This is the third day of my participation in Gwen Challenge
After a brief introduction to NUMpy, I thought about how to begin the formal pandas series. Other mountains of stone, can attack jade, read the next tutorial of others. Most people choose to start with data structures, some summary functions. But I don’t think the beginning of a series should be re-read to the reader from some “dictionary” material, which the reader then fails to read and forgets.
False beginnings
For PANDAS ‘data structures, just remember
- Series is one-dimensional
- Series has value, index, (name, data type)

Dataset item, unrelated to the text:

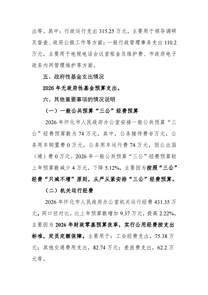 2026年度懷化市人民政府辦公室部門預算公開說明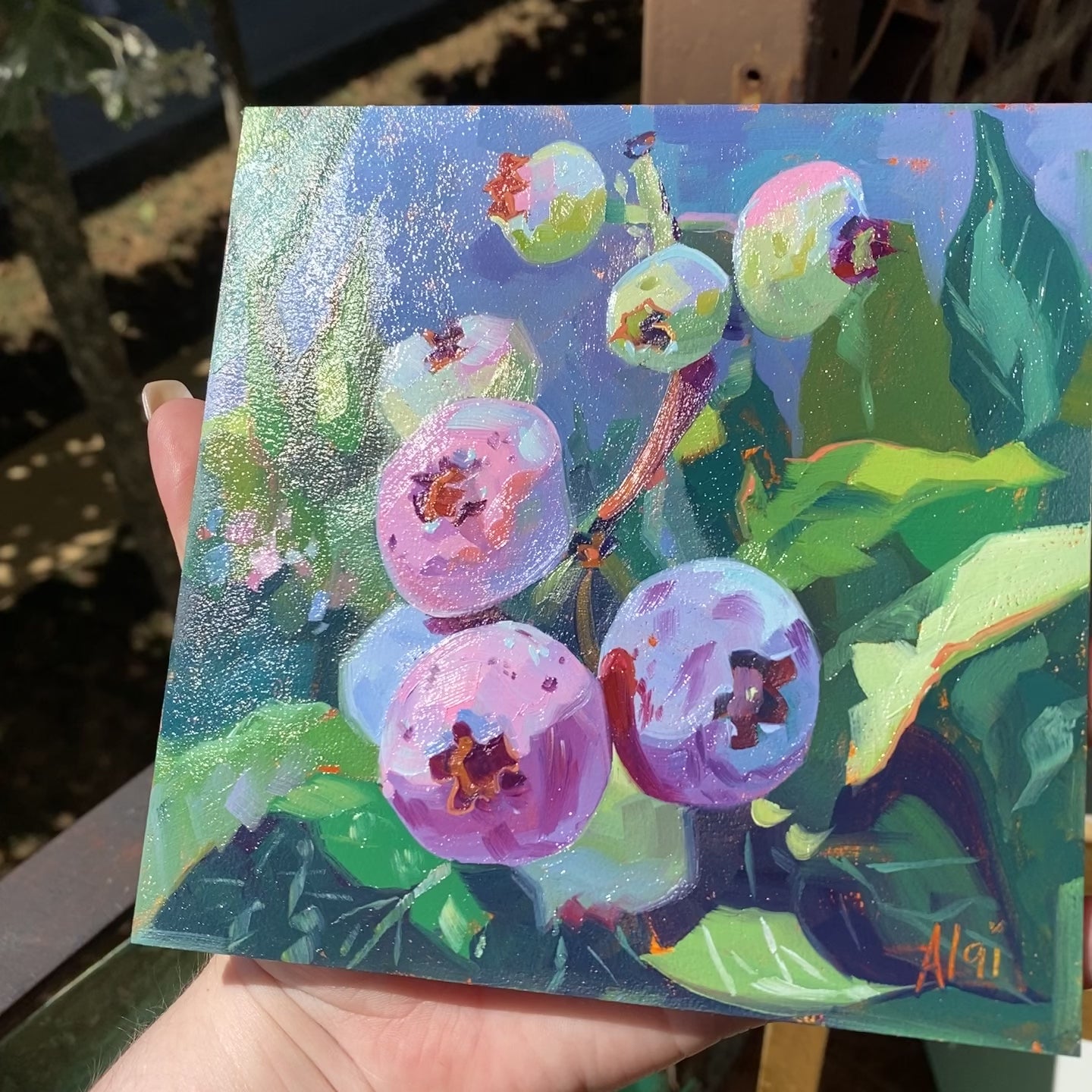 Painted on a petite 15x15 cm (6x6 inch) Trekell hardboard panel, this artwork hides a warm, energetic secret beneath its cool exterior: a vibrant orange underpainting. If you look closely at the edges of the green leaves, the stems, and the shadows of the berries, you will see flashes of this fiery base layer peeking through, giving the entire piece a luminous, vibrating depth. It is a brilliant, joyful addition to any kitchen, sunroom, or gallery wall.

- DataFrame is two-dimensional
- He added column indexes to Series (of course, the data was also made two-dimensional).
Formal beginning
God says data analysis requires data
Then we need to read some data from the file
filepath = "Mysterious data.csv"
data_table = pd.read_csv(filepath, encoding='utf-8')
Copy the code
You have to have a goal once you have the data.
Where else are we going to analyze it?
The simulation scenario is as follows:
There are 500 students in the school. Teacher Xiao Ming and teacher Li Xiaohua calculate the total score of students at the same time and write it into the table. If Xiao Ming and Li Xiaohua score the same, we think the score is correct. If the scores of two teachers are different, we will carry out SQL query according to the student number, and find the results of each subject in the generated table, and calculate the total score.
Demand analysis
Here we simply split the process into
- Find xiaoming and Li Xiaohua score different student numbers,
- Group and sum the scores of the students who scored wrong.
Find xiaoming and Li Xiaohua score different student numbers
data_clean =data_table_tmp[
~data_table_tmp.index.isin(
data_table_tmp[
data_table_tmp['Miss Xiao Ming's total score'] == data_table_tmp['Miss Li Siu-wah's total score']
].index.to_list()
)
]
Copy the code
I’m a beginner. You give me this long code to look at?
Take your time. I’m not saying this code is the answer.
First, look slowly out from the middle,
Isin = data_table_tmp = data_table_tmp = data_table_tmp = data_table_tmp = data_table_tmp
The output is roughly as follows:
The smart ones already figured it out, so why not just use not equal? So you don’t have to take the reverse.
Why even index a transition? Can not be judged by direct use? For example:
import pandas as pd
filepath = "Mysterious CSV".
data_table_tmp = pd.read_csv(filepath, encoding='utf-8')
data_clean =data_table_tmp[
data_table_tmp['Miss Xiao Ming's total score'] != data_table_tmp['Miss Li Siu-wah's total score']
]
data_clean
Copy the code
In fact, in a data analysis scenario, it is very likely that the code will become redundant because there are many factors to consider, so you should always check your code to see if “suddenly you look at the guy and the lights are out”.